Table 7.3. Summary of common Javadoc tags

Tag

Meaning

@author Class author (mandatory)
@version Class version (mandatory)
@return Description of a method return value
@param Description of a method parameter
@throws or @exception Description of the conditions for a given exception to be thrown
{@link ...} Generates a link to another program element (class, method, etc.)
{@code ...} Typesets a code snippet
Table 7.4. Summary of common Javadoc-compatible HTML tags

Tag

Meaning

<code>...</code> Typesets a code snippet
<p> Starts a new paragraph
<i>...</i> Italics
<b>...</b> Bold

Moreover, Javadoc recognizes various additional tags, all starting with the “@” symbol (not to be confused with Java annotations). For example, in the comment describing the whole class, you’re supposed to insert the self-explanatory tags @author and @version. Both tags are supposedly mandatory for the class description, but Javadoc won’t complain if they’re missing.

C# documentation comments

In C#, documentation comments should start with “///” (a triple slash) and can include a variety of XML tags. The compiler itself lifts those comments from the source files and stores them in a separate XML file. Visual Studio then uses the information in that file to enrich its contextual help functionalities, and the programmer can summon an external tool to arrange the comments into a readable layout, such as HTML. A popular open-source solution is the DocFX tool, which supports multiple languages besides C#, including Java.

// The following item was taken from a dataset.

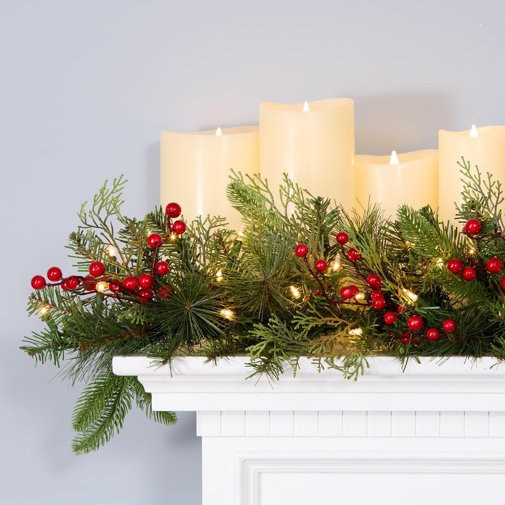 $ 6.829Ft Prelit Christmas Garland 50 Colorful Lights Snowy Tips Red Berries Pinecones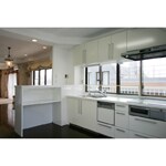 今回の工事は、3Fでの2世帯を1世帯にする大工事でした。工期は2ヶ月間に渡り、また、大変熱い季節でもあり、上記のお客様の声にもあるように現在はエレベーターがありませんでしたので、商品の搬入なども、階段では搬入できないものなどもあり、いろいろと工夫をしながら工事を進めていきました。お客様は、度々海外へも行かれており、大変デザインにも詳しく、センスの良い方でしたので、こだわりのポイントやデザインのアクセントなどを忠実に表現することにも注意を払いました。2ヶ月に渡る長い工事期間をご一緒にお付き合い頂き、大変お疲れにもなったことと思います。恥ずかしながら、我々が発見する前にお客様からご指摘を頂いた不具合箇所などもありました。そういったお客様の熱意もあり、美しく機能的な、ご新居が完成出来たと思います。有難うございました。

Rather than presenting each Javadoc tag individually, let’s apply them right away to obtain a readability-optimized version of Container. At the very top of the Container source file, add the introductory comment shown in listing 7.1, providing a general description for the class. Such a comment is also the right place to introduce class-specific terminology, such as the word group to indicate the set of containers connected to this one.

By using the <code> HTML tag or the Javadoc {@code ...} tag, you can typeset code snippets. Tables 7.3 and 7.4 summarize the Javadoc and HTML tags you’re most likely to use in a comment.

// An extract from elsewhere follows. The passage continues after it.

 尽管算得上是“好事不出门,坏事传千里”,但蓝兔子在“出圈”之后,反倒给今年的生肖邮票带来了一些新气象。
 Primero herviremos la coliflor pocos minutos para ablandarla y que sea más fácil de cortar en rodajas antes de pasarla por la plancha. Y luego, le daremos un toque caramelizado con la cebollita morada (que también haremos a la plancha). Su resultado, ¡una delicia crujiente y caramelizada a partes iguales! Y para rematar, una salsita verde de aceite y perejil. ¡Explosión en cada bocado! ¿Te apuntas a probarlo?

Listing 7.1. Readable: The class header
/**  1 Beginning of a Javadoc comment
 *  A <code>Container</code> represents a water container
 *  with virtually unlimited capacity.
 *  <p>    2 Most HTML tags are allowed.
 *  Water can be added or removed.
 *  Two containers can be connected with a permanent pipe.
 *  When two containers are connected, directly or indirectly,
 *  they become communicating vessels, and water will distribute
 *  equally among all of them.
 *  <p>
 *  The set of all containers connected to this one is called the
 *  <i>group</i> of this container.
 *
 *  @author Marco Faella   3 Javadoc tag
 *  @version 1.0           4 Another Javadoc tag
 */
public class Container {
   private Set<Container> group;
   private double amount;

Figure 7.1 shows the HTML page that Javadoc generates from the comment in listing 7.1.

Figure 7.1. A snapshot of Javadoc-generated HTML documentation for Readable, including a class description and a list of constructors

Next, the constructor and the getAmount method are so simple that they need no readability enhancements, except for short documentation comments. Use the @return tag to describe the return value for a method.

Listing 7.2. Readable: Constructor and getAmount
   /** Creates an empty container. */
   public Container() {
      group = new HashSet<Container>();
      group.add(this);
   }

   /** Returns the amount of water currently held in this container.
     *
     * @return the amount of water currently held in this container
     */
   public double getAmount() {
      return amount;
   }

The redundancy in the comment for getAmount is justified by the way Javadoc displays the information. Every method is presented twice in the HTML page for the class: first, in a brief summary of all methods (see figure 7.2); then, in a more extensive section, describing each method in detail (see figure 7.3). The first sentence of the comment is included in the summary of all methods, so you can’t omit it. The @return line is only included in the detailed description of the method.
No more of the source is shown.